Allocating and Deleting Objects Directly¶
If one must allocate an object directly from an allocator, bslma::AllocatorUtil::newObject is the preferred mechanism
for doing so. newObject
will determine whether the type being created is allocator aware, and
apply the correct allocator-passing convention for to the constructed object. Similarly,
deleteObject
can later be used to destroy the object and release its memory back to the allocator.
class MyAAType {
SomeType *d_value_p;
// ...
};
MyAAType::MyAAType(... , const allocator_type& allocator)
: d_value_p()
{
d_value_p = bslma::AllocatorUtil::newObject<SomeType>(allocator);
}
~MyAAType()
{
bslma::AllocatorUtil::deleteObject(get_allocator(), d_value_p);
}
Proctors and Guards¶
BDE provides a set of proctor and guard types to safely manage memory in the presence of exceptions. For example, a bslma::DeleteObjectProctor provides exception safety if the caller of bslma::AllocatorUtil::newObject fails to complete successfully:
MyAAClass::MyAAClass(const allocator_type& allocator)
: d_data_p(0)
{
d_data_p = bslma::AllocatorUtil::newObject<Data>(allocator);
bslma::DeleteObjectProctor<allocator_type, Data>
delProct(allocator, d_data_p);
// The 'DeleteObjectProctor' will destroy the allocated object and
// release its memory if an exception occurs, preventing a memory
// leak.
doMoreThings(); // might throw an exception
delProct.release(); // It is now safe to release the proctor.
}
The allocation operations on bslma::AllocatorUtil pair with proctors that can be used to provide exception safety for the results of that operation.
Proctor template |
Reverses this operation |
---|---|
Using bslma::ConstructionUtil
to Construct Objects In-place¶
bslma::ConstructionUtil provides operations to construct objects in place at a memory address (using placement new). bslma::ConstructionUtil is used to implement bslma::AllocatorUtil::newObject, correctly determining whether a type is allocator aware, and forwarding the allocator according to the allocator-passing convention.
template <class t_TYPE>
class MyAAClass {
bsls::ObjectBuffer<t_TYPE> d_data;
// ...
public:
explicit MyAAClass(const allocator_type& allocator)
{
// Note that 't_TYPE' might, or might not, be allocator aware, and if it is
// allocator aware, it might, or might not, use allocator_arg_t.
// ConstructionUtil::construct will determine if and how to forward
// the 'allocator' argument.
bslma::ConstructionUtil::construct(d_data.address(), allocator, args...);
Roadmap to the Making C++ Software Allocator Aware
White-Paper¶
The white-paper Making C++ Software Allocator Aware provides a series of examples for how to make a set of increasingly complex types allocator-aware. Where this article serves as a brief summary of key topics, Making C++ Software Allocator Aware serves as a reference for handling different situations.
Here is an annotated table of contents for Making C++ Software Allocator Aware.
Making a Simple struct Allocator-Aware (pages 8-15)
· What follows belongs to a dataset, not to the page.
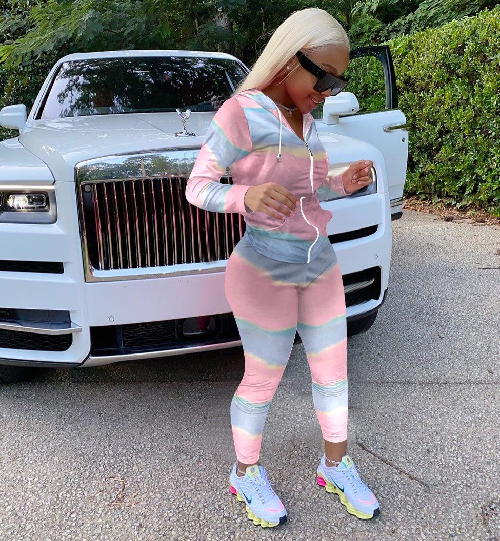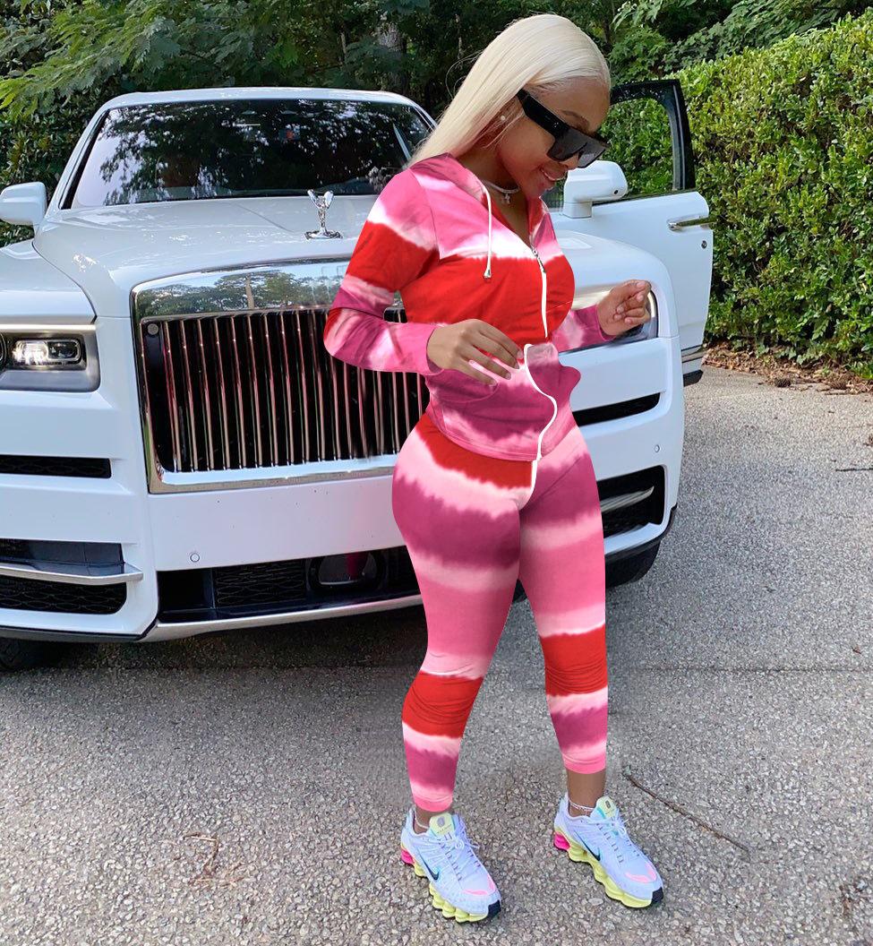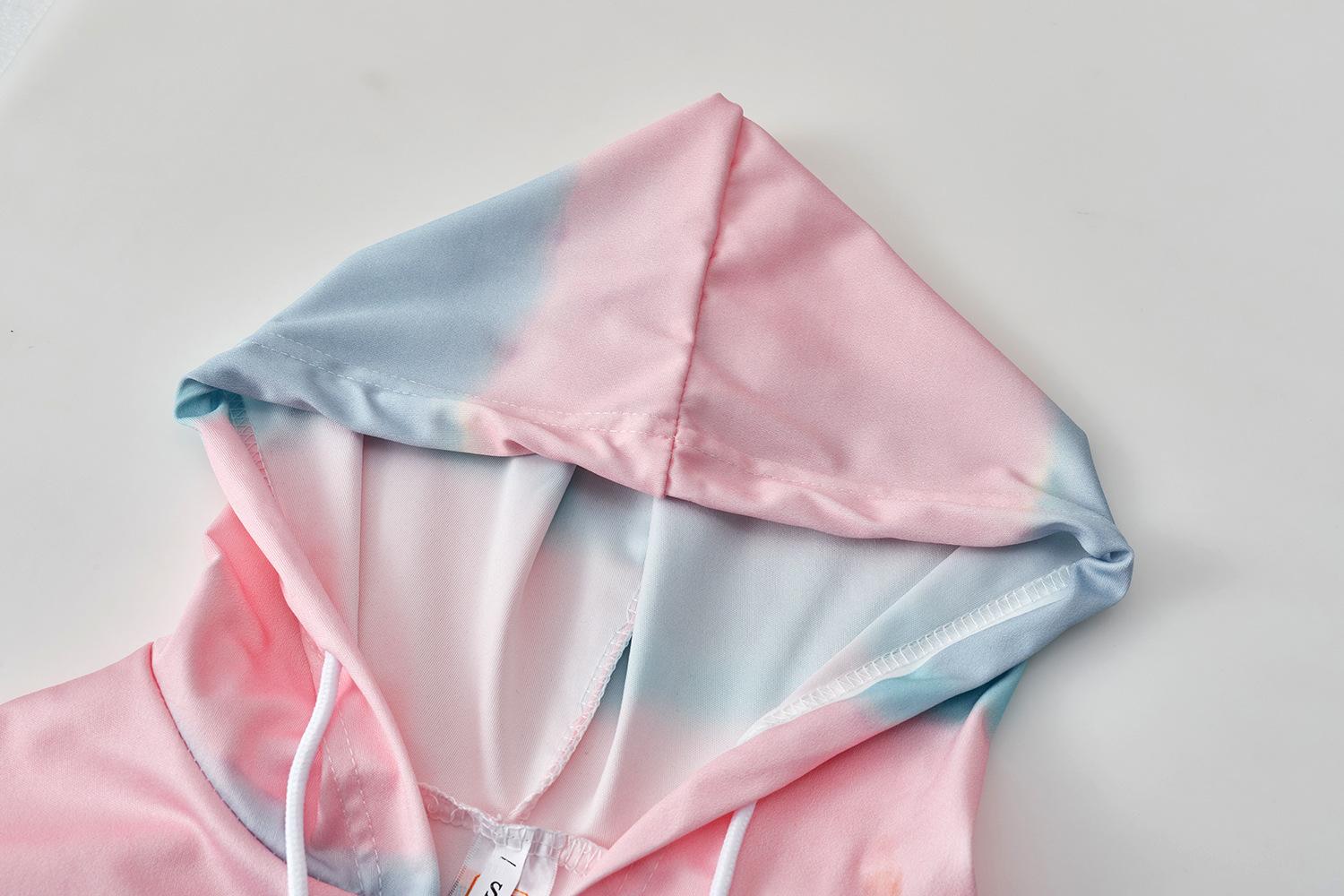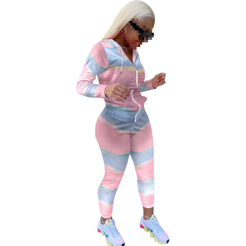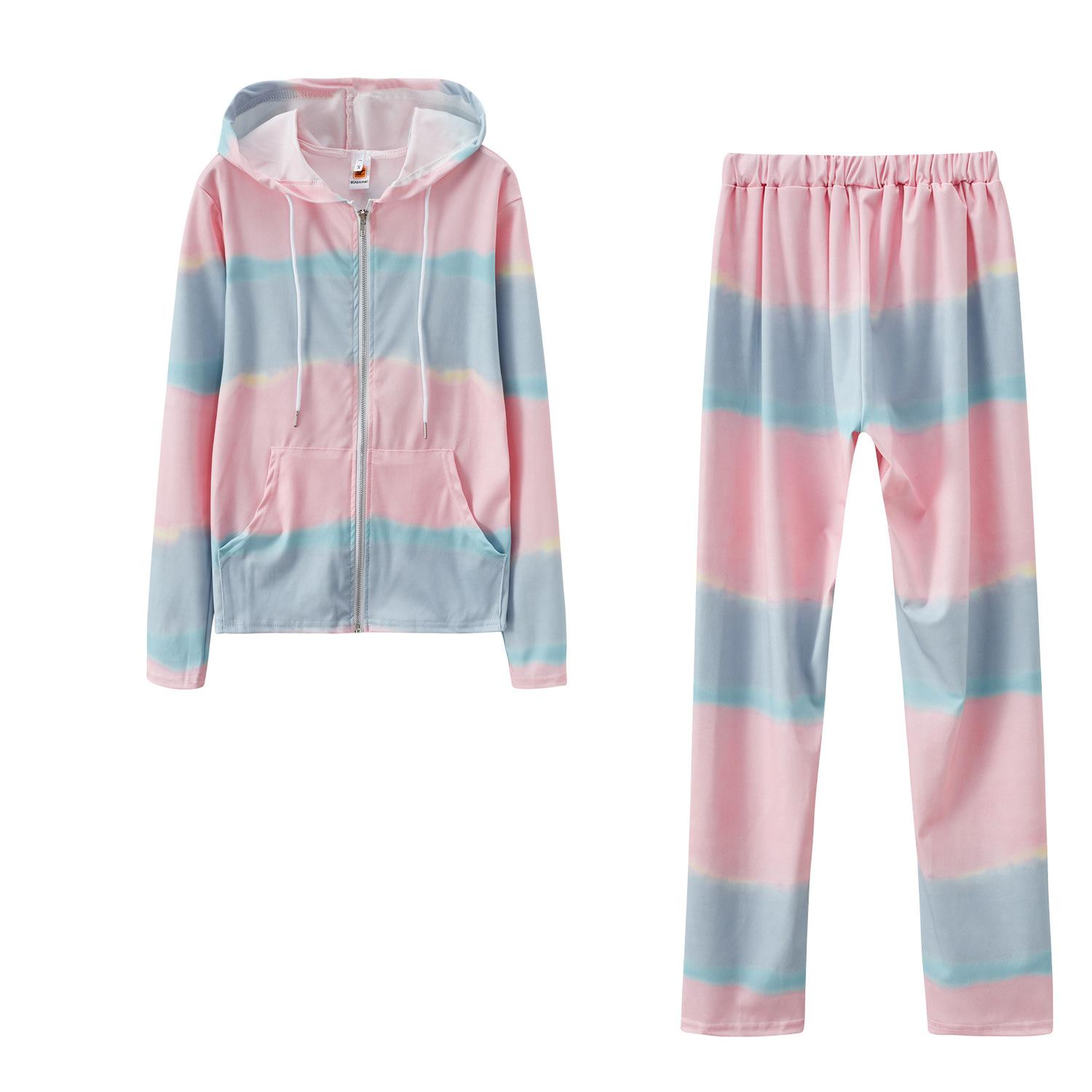 Ropa de mujer europea y americana de primavera y otoño de 2023, la más vendida de Amazon AliExpress, con capucha estampada, manga larga, informal, de dos piezas, azul

Walks through the steps to make the most trivial type allocator-aware. Covers marking types allocator aware by defining
allocator_type
. Covers the default, copy, and move constructors. Also discusses passing an allocator to subobjects using bslma::AllocatorUtil.Making an Attribute Class Allocator-Aware (pages 15-18)
Expands on the simple struct example to discuss value constructors – i.e., constructors other than the default, copy, and move constructors.
Implementing a Class That Allocates Memory (pages 18-28)
Goes into more detail on how to use an allocator to allocate memory (e.g., using bslma::AllocatorUtil), and how to implement operations like copy, move and swap in a way that is efficient and exception safe.
Implementing an AA Class Template (pages 28-33)
Explains how to create a type where one of the data members has a template-parameter type, and where that type might or might not be allocator aware.
Implementing an AA Container (pages 33-37)
Explains how to create a type that allocates memory for dynamically allocated elements of template-parameter type.
Pitfall: Inheriting from a bsl-AA Class (pages 37-38)
For example creating a type that inherits from
bsl::string
. TL;DR, do not do this.Testing AA Components (pages 38-44)
Details on how to write unit tests for an allocator-aware type to verify its allocation behavior.